FIG. 5 is another illustration of such a real-world application of the method for automatic annotation starting from a rough annotation of WMH from FLAIR image.


The sub-FIG. 5(a) shows a FLAIR image 501 of a human body 502 focused on the skull and brain region. A rough annotation 504 has been performed around a white matter hyperintensities (WMH) 503. This image is used an input for the method illustrated a FIG. 3.


The sub-FIG. 5(b) shows a cropped image 505 (so an image of the cropped data) of the region of interest defined by the rough annotation.


The sub-FIG. 5(c) shows the result of the histogram analysis with distributions of pixel intensities. Two modes M1 and M2 are identifiable as being two peaks in the histogram. For this image the object of interest is bright, this entails that the mode with the brightest intensity is used. Threshold values 506 can be set on this mode for instance by user selection.


The sub-FIG. 5(d) shows the pixels selected for the segmented image 507.


The sub-FIG. 5(e) shows the mask 508 obtained by the method of an embodiment of the present invention whilst the sub-FIG. 5(f) shows the mask according to the ground true 509.

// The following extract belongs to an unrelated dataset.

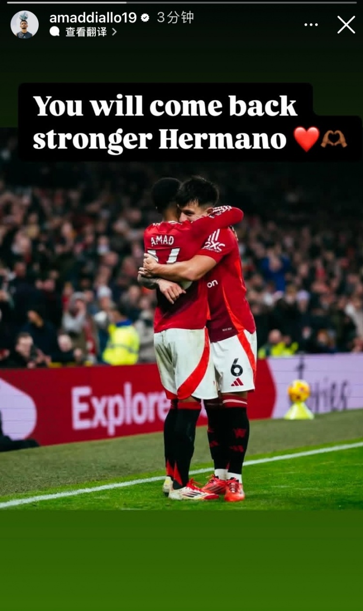 2月4日訊 多家媒體報(bào)道,曼聯(lián)中衛(wèi)利馬遭遇十字韌帶撕裂重傷,預(yù)計(jì)傷缺六個(gè)月時(shí)間。阿瑪?shù)赂律缑?,向利馬送上安慰。

FIG. 6 is another illustration of such a real-world application of the method for automatic annotation starting from a rough annotation of WMH from MPRAGE image.


The sub-FIG. 6(a) shows a MPRAGE image 601 of a human body 602 focused on the skull and brain region. A rough annotation 604 has been performed around a white matter hyperintensities (WMH) 603. This image is used an input for the method illustrated a FIG. 3.


The sub-FIG. 6(b) shows a cropped image 605 (so an image of the cropped data) of the region of interest defined by the rough annotation.


The sub-FIG. 6(c) shows the result of the histogram analysis with distributions of pixel intensities. Two modes M1 and M2 are identifiable as being two peaks in the histogram. For this image, the object of interest is dark, this entails that the mode with the least bright intensity is used. Threshold values 606 can be set on this mode for instance by user selection.


The sub-FIG. 6(d) shows the pixels selected for the segmented image 607.


The sub-FIG. 6(e) shows the mask 608 obtained by the method of an embodiment of the present invention whilst the sub-FIG. 6(f) shows the mask according to the ground true 609.



FIG. 7 illustrates the start and result for a roughly annotated FLAIR image. The start is shown by the FIG. 7(a) with an ellipse 701 and the result is shown in the FIG. 7(b) with the obtaining of a voxel level annotation 702 of the WMH. In this case, it is to be noted that this also shows how the possibility to use the solution as a standalone tool as mentioned above.


The refined image data with voxel level annotation thus obtained has the necessary feature for being used in the retraining of the model.


In embodiments of the present invention, the model is re-trained using the newly obtained refined image data and the model is used for diagnostic.


In conclusion, one or more embodiments of the present invention address the need for precise and consistent annotations. Traditional methods of manual annotations, while regarded as the gold standard, are time-consuming and can introduce significant interpretation variability. This is particularly pronounced in the domain of federated learning which is mostly used for medical image annotation.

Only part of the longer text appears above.